HT 在大多数 BIOS 中称为 SMT(同步多线程)或 HTT(超线程技术)。HT 的效率取决于所谓的计算取取比,即您的代码在从慢速主内存或 I/O 内存取数据或存储到慢速主内存或 I/O 内存之前执行了多少核内(或寄存器/缓存)操作。对于高速缓存效率高且受 CPU 限制的代码,HT 几乎不会带来明显的性能提升。对于更多内存绑定代码,由于所谓的“延迟隐藏”,HT 可以真正有利于执行。这就是为什么大多数非 x86 服务器 CPU 为每个内核提供 4(例如 IBM POWER7)到 8(例如 UltraSPARC T4)硬件线程的原因。这些 CPU 通常用于数据库和事务处理系统,在这些系统中,许多并发内存绑定请求同时得到服务。

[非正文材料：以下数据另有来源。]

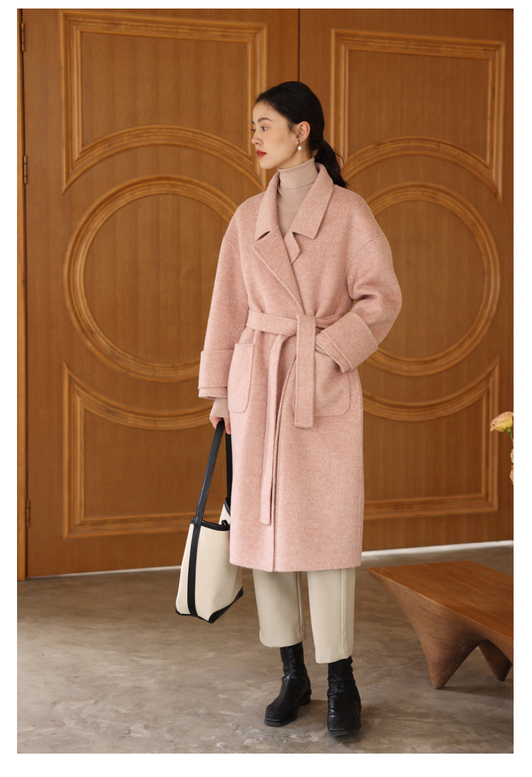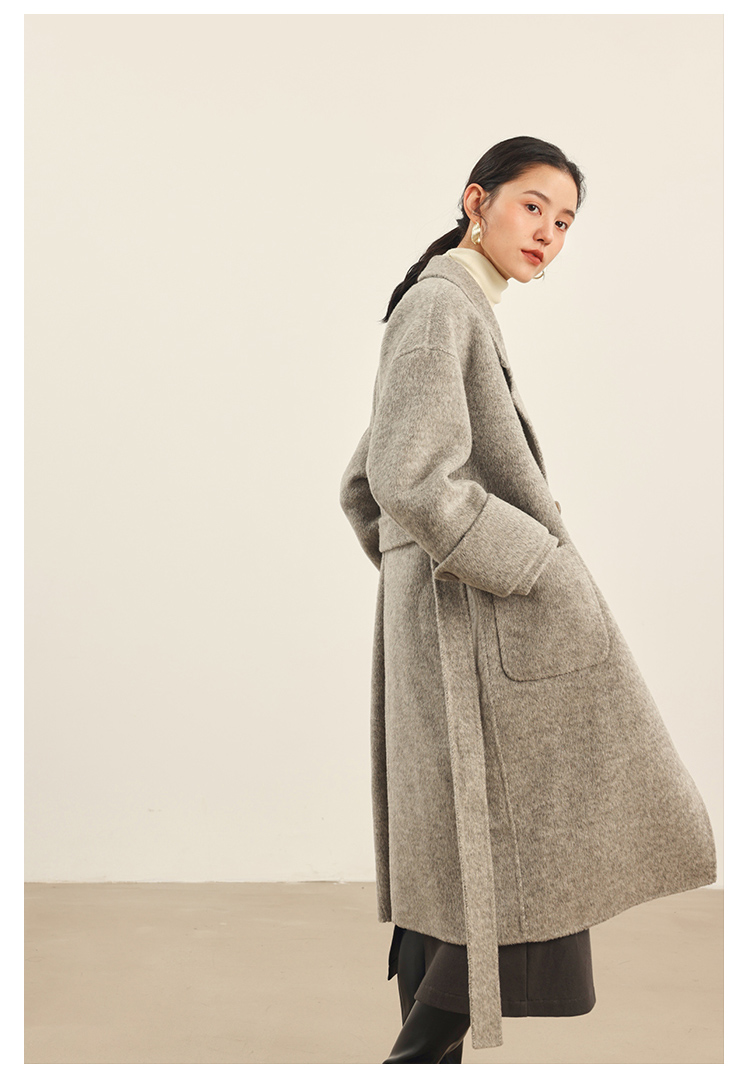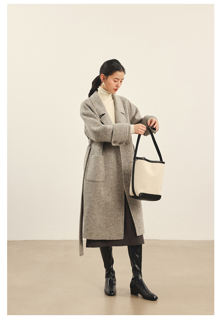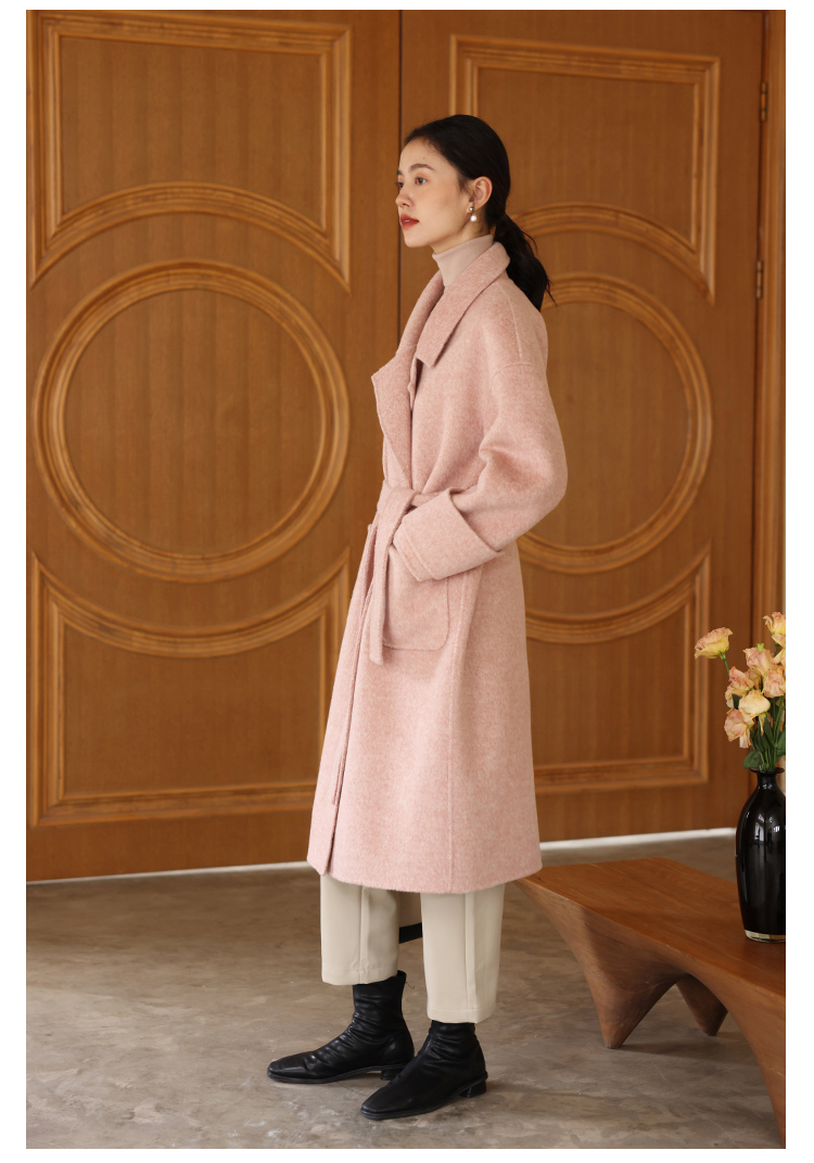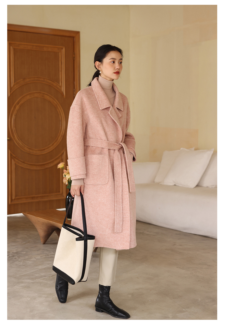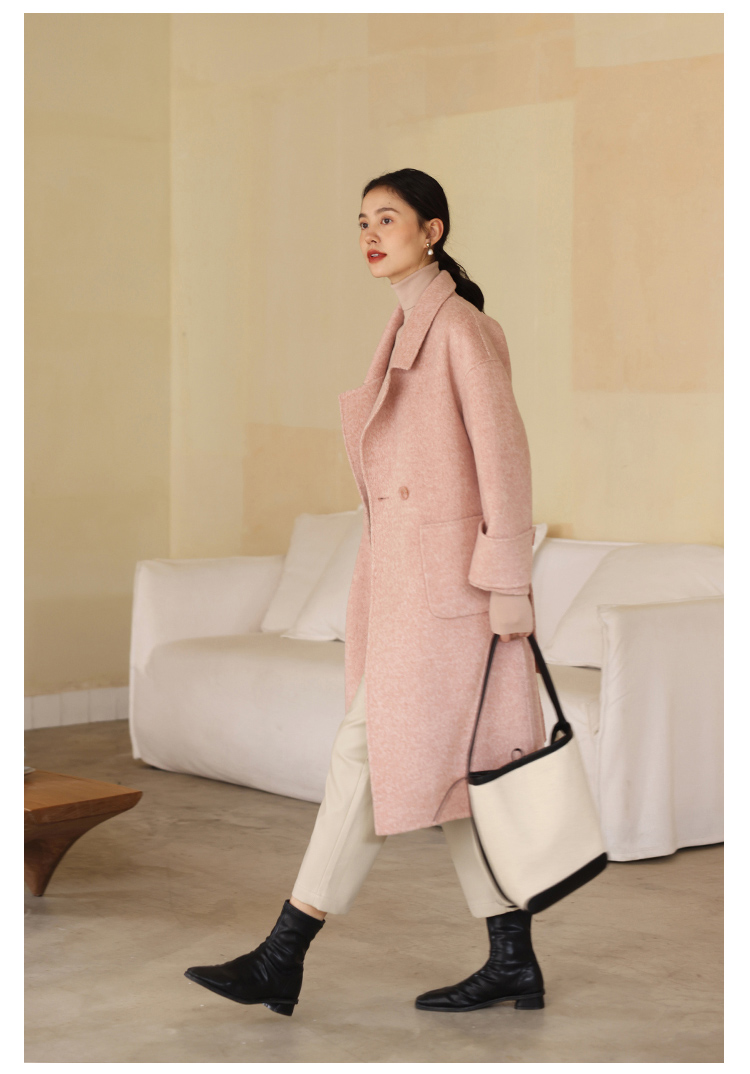 HeyDress丝兔绒毛呢外套女秋冬宽松收腰双面呢感温柔羊毛大衣

By the way, the Amdhal's law states that the upper limit of the parallel speedup is one over the serial fraction of the code. Usually the serial fraction increases with the number of processing elements if there is (possibly hidden in the runtime) communication or other synchronisation between the threads, although sometimes cache effects can lead to superlinear speedup and sometimes cache trashing can reduce performance drastically.
顺便说一下,Amdhal 定律指出并行加速比的上限是代码的串行部分。通常,如果线程之间存在(可能隐藏在运行时中)通信或其他同步,串行部分会随着处理元素的数量而增加,尽管有时缓存效应会导致超线性加速,有时缓存垃圾会大大降低性能。